PROBLEM REQUIREMENTS:
Make an exact transcript of the lines in the data below, starting with the one containing "Once the authoring" and going on through the one containing "Change in Teleconference", with both included and the pictures left out.

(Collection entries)
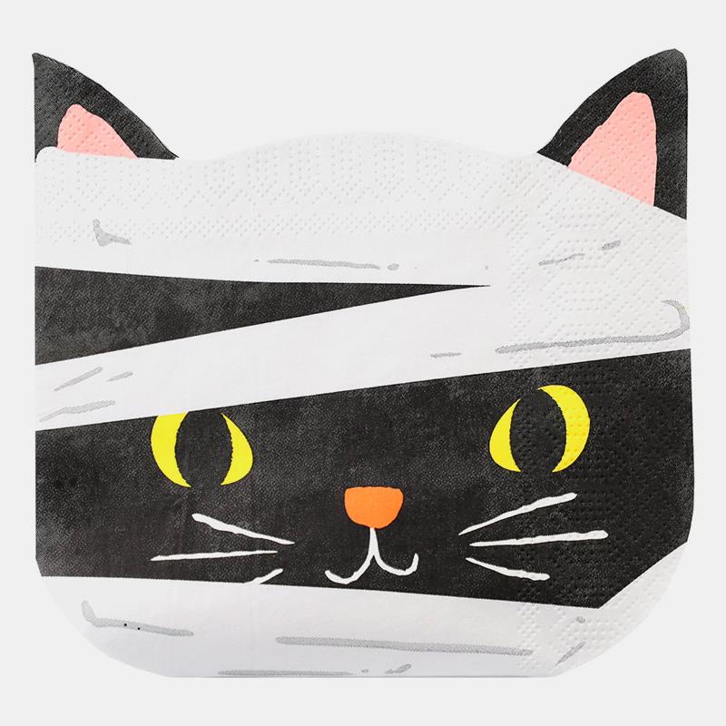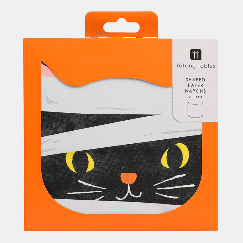 Servilletas de papel con forma del gato Coco. Perfectas para Halloween o fiestas temáticas. Hechas de papel 3 capas FSC, 100% reciclables. Tamaño: 33 x 33 cm Pack: 20 + 1 extra
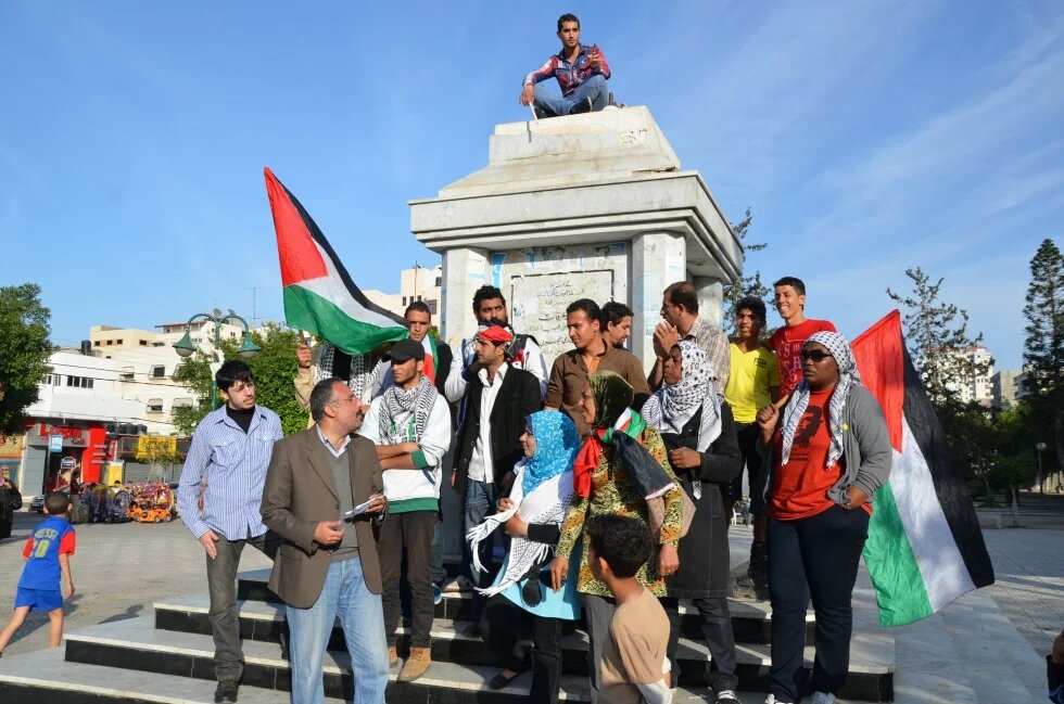 A group in a central square in Gaza City chanted “Unity, freedom, dignity and humanity" (Kate Shuttlesworth)
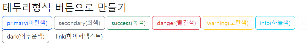 - 부트스트랩으로 버튼을 시작할 때 class 내부에 btn(버튼 시작) 기능을 작성해주고, 추가로 작성하고픈 내용을 작성
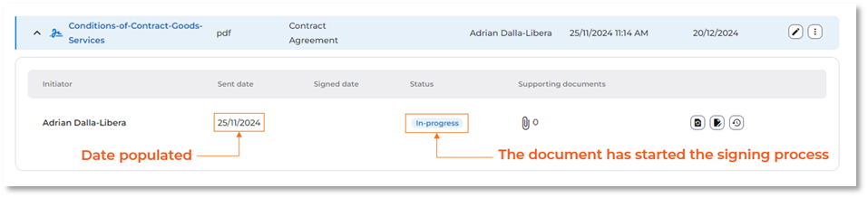 Once the authoring is complete, the document’s status changes to ‘In progress’ and it will be sent to the signers in sequential order for completion. The sent date field will be date stamped, to indicate when the document was sent for the first signature.
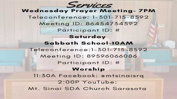 Change in Teleconference Lines for Prayer Meeting (Wed 7pm) and Sabbath School (Sat 10am). [revised 2/23/2021]
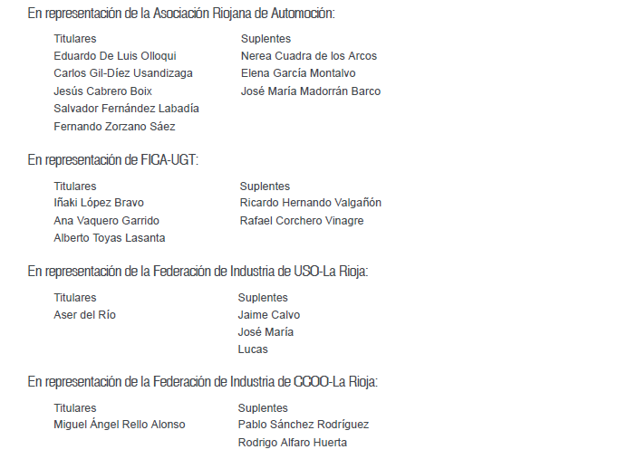 En la ciudad de Logroño, siendo las diez horas del día veinticinco de febrero de dos mil veintiséis, se reúnen, en los salones de la Federación de Empresas de La Rioja, los siguientes señores: Eduardo De Luis Olloqui, Jesús Romero Arnedo, Carlos Gil-Diez Usandizaga, Jesús Cabrero Boix y Salvador Fernández Labadia en representación de la Asociación Riojana de Automoción (ARIAUTO); Alberto Toyas Lasanta, Iñaki López Bravo y Juan Carlos Alfaro Sánchez en representación de UGT-FICA La Rioja; José Ignacio Garrido López, en representación de la Federación de Industria de USO y Miguel Ángel Rello Alonso, en representación de la Federación de Industria CCOO, todos ellos componentes de la Comisión Paritaria del Convenio Colectivo de Trabajo para la actividad de ‘Talleres de Reparación, Mantenimiento e ITV, de Vehículos’ de la Comunidad Autónoma de La Rioja para los años 2022-2025.
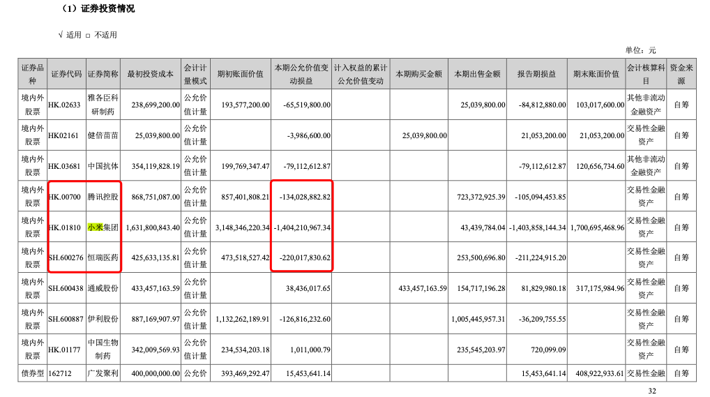 2021年年报显示,云南白药公允价值变动损益减少约19.3亿元,持有的部分股票市值大跌,其中,仅投资小米一家就亏了14亿。
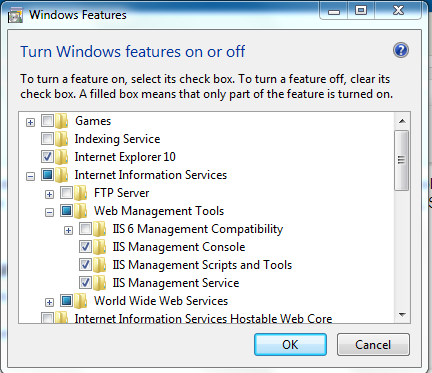 3. Under Web Management Tools, check that IIS Management Console are selected

ANSWER TO THE PROBLEM:
 Once the authoring is complete, the document’s status changes to ‘In progress’ and it will be sent to the signers in sequential order for completion. The sent date field will be date stamped, to indicate when the document was sent for the first signature.
 Change in Teleconference Lines for Prayer Meeting (Wed 7pm) and Sabbath School (Sat 10am). [revised 2/23/2021]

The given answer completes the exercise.